From the Guidelines
Emergency department treatment for lisinopril-induced lip swelling (angioedema) requires immediate discontinuation of lisinopril and all ACE inhibitors permanently. Initial management includes airway assessment, as severe cases may require intubation. Treatment typically involves IV antihistamines (diphenhydramine 25-50mg), corticosteroids (methylprednisolone 125mg), and H2 blockers (famotidine 20mg) 1. For severe cases, epinephrine (0.3-0.5mg IM) may be needed. In refractory cases, icatibant (30mg subcutaneously) or C1 esterase inhibitor concentrate may be considered, as these have been shown to be safe and efficacious for the treatment of acute angioedema attacks 1. Some key points to consider in the management of angioedema include:
- The importance of early treatment, as this can significantly reduce the duration and severity of symptoms 1
- The need for airway assessment and potential intubation in severe cases
- The use of symptomatic treatment, such as narcotic medications for pain control and antiemetics for nausea and vomiting, in addition to specific treatments for angioedema
- The importance of patient education and instruction to avoid all ACE inhibitors in the future and wear a medical alert bracelet This reaction occurs because ACE inhibitors prevent bradykinin breakdown, leading to increased vascular permeability and swelling, which is a bradykinin-mediated process that may not fully respond to typical allergy medications 1. Patients should be observed for 4-6 hours to ensure resolution of symptoms before discharge. Upon discharge, patients need clear instructions to avoid all ACE inhibitors in the future and wear a medical alert bracelet. It is also important to note that standard angioedema treatment modalities, such as epinephrine, corticosteroids, or antihistamines, do not have a significant effect on the swelling in patients with HAE, and that fresh frozen plasma has been used to treat acute angioedema attacks, but it can sometimes cause a sudden worsening of symptoms and carries the inherent risk of viral transmission 1.
From the FDA Drug Label
Angioedema of the face, extremities, lips, tongue, glottis and/or larynx, including some fatal reactions, have occurred in patients treated with angiotensin converting enzyme inhibitors, including lisinopril, at any time during treatment Patients with involvement of the tongue, glottis or larynx are likely to experience airway obstruction, especially those with a history of airway surgery. Lisinopril should be promptly discontinued and appropriate therapy and monitoring should be provided until complete and sustained resolution of signs and symptoms of angioedema has occurred
Emergency Department Treatment for Lip Swelling due to Lisinopril:
- Discontinue lisinopril promptly
- Provide appropriate therapy and monitoring until complete and sustained resolution of signs and symptoms of angioedema has occurred
- Be aware of the risk of airway obstruction, especially in patients with involvement of the tongue, glottis, or larynx 2, 2
From the Research
Emergency Department Treatment for Lip Swelling due to Lisinopril
- Lisinopril, an angiotensin-converting enzyme (ACE) inhibitor, can cause angioedema, a condition characterized by swelling of the lips, face, and airways 3, 4, 5.

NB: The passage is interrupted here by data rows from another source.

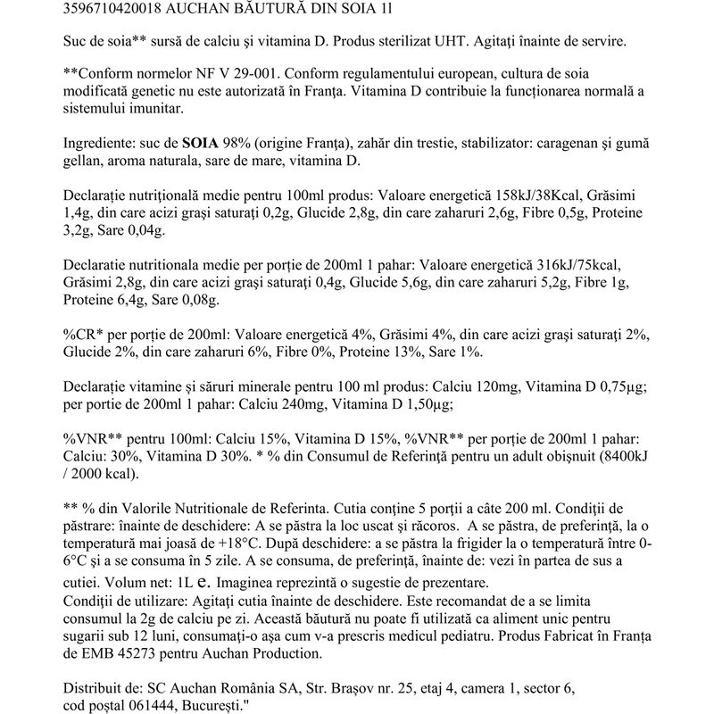 Bautura din soia Auchan, 1 l Bautura din soia Auchan, 1 l
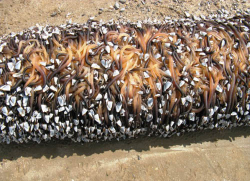 度假游客麗貝卡・波特以為自己看見了“一只活生生的大海怪”。她說:“它有兩米長,像電線桿子那么粗”,“事實上它們可能是我見過的最大型的飄浮的狗爪螺(又稱茗荷兒,鵝頸形藤壺)標本”。經專家驗證后,這個所謂的異星怪物原來是不計其數的狗爪螺。它們原本生活在海洋深處,受壞天氣影響從海里翻涌出來,并密密麻麻地附著在一塊木頭上隨波逐流,最終到達海灘,才成了這副模樣。
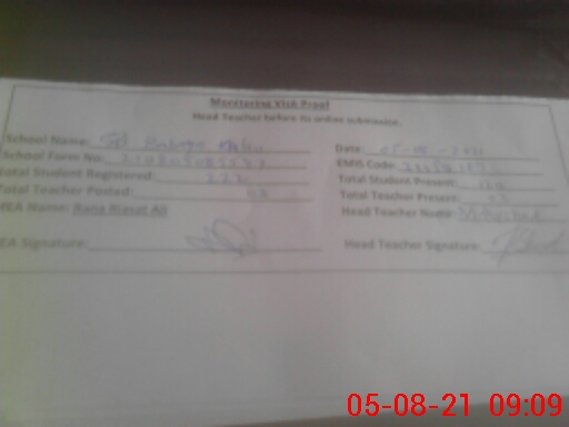 | Attendance Register | Head Teacher | MEA with School | Visit Proof |
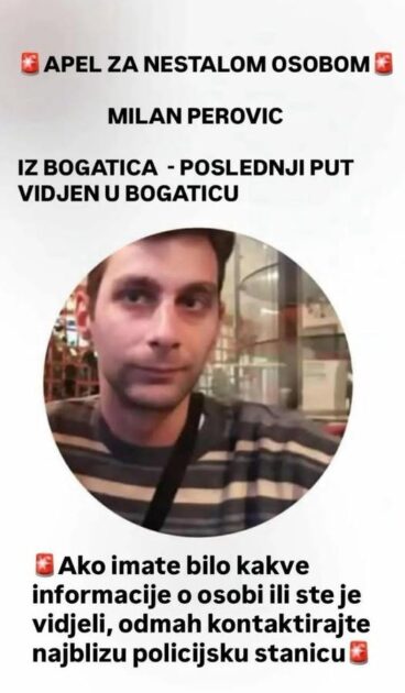 У објави се моле сви који примете Милана да о томе обавесте најближу полицијску станицу. У потрагу ће се укључити и полиција.
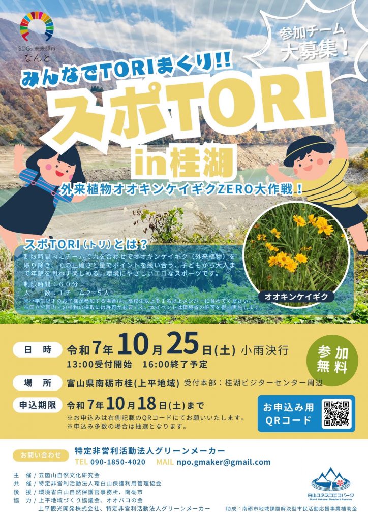 白山国立公園にある桂湖で開催される環境保護イベント「スポTORIin桂湖~外来植物オオキンケイギクZERO大作戦~」についてお知らせします。

- The incidence of angioedema associated with lisinopril is greater than that associated with other ACE inhibitors, such as captopril or enalapril 5.

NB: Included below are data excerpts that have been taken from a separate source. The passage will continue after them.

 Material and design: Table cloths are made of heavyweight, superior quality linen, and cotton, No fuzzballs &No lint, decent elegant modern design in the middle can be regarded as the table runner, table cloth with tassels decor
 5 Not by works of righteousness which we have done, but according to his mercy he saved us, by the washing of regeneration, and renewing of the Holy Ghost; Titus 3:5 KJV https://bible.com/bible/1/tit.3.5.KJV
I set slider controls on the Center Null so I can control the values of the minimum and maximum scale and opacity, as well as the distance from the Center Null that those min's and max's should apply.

- Patients presenting with lip swelling due to lisinopril may also experience swelling of the tongue, buccal mucosa, and face, but laryngeal edema and stridor are less common 3, 5.
- Treatment for ACE inhibitor-induced angioedema typically involves discontinuation of the offending medication and administration of diphenhydramine, ranitidine, and methylprednisolone 5, 6.

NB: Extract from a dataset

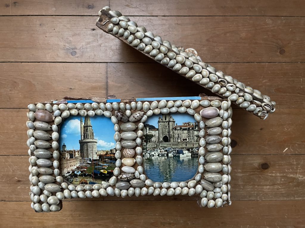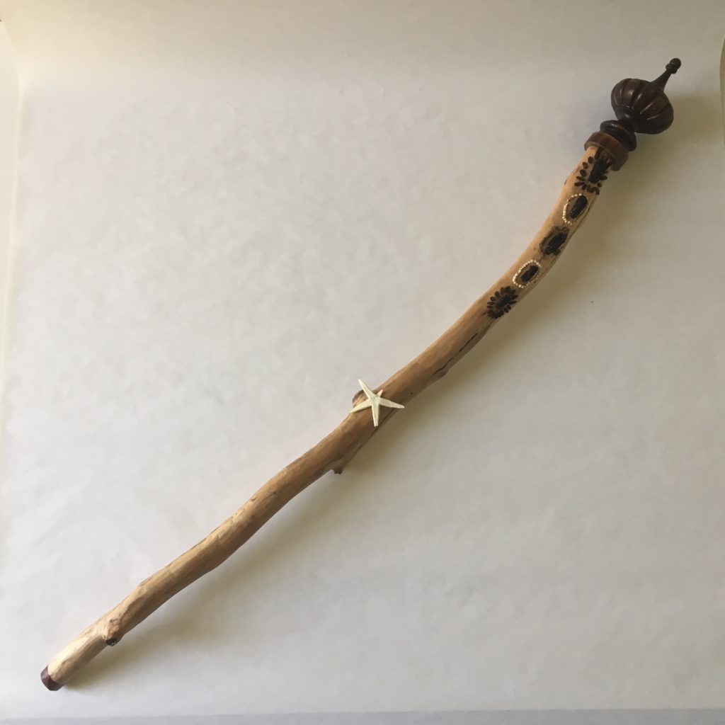 Marc Ivain-Debouchaud, Canne n°8, 2010-2015, pin d’Auvergne, embout de bois de violette, dessus d’amoire en guise de pommeau, cailloux du Vietnam incrustés, étoile de mer rapportée du Vietnam. Vendeur rencontré au vide-grenier de Ladoix-Serrigny (21), en 2018. Coll. Musée du Bricolage. [Renseignements fournis par le vendeur]
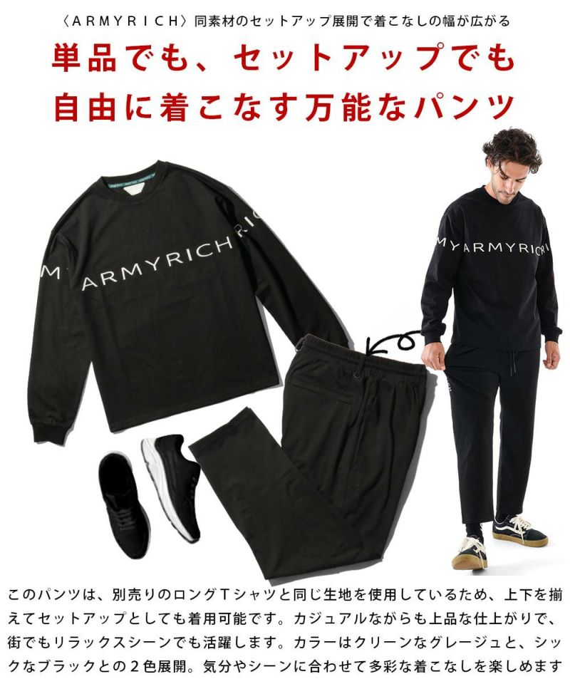ARMYRICHの「ソロナ生地イージーパンツ」は、スキニー以上ワイド未満の絶妙なバランスで、オンでもオフでも着こなしやすい万能シルエットが魅力。

- In severe cases, C1 inhibitors may be used to alleviate inflammation and prevent intubation, and have been shown to decrease mechanical ventilation time 6.
- Fiberoptic laryngoscopy can be used to evaluate the airway in patients with suspected laryngeal edema, and may help identify patients at risk for airway compromise 3.
- Intubation may be necessary in cases where the airway is compromised, and anesthesia should be performed in a controlled setting, such as an operating room 4.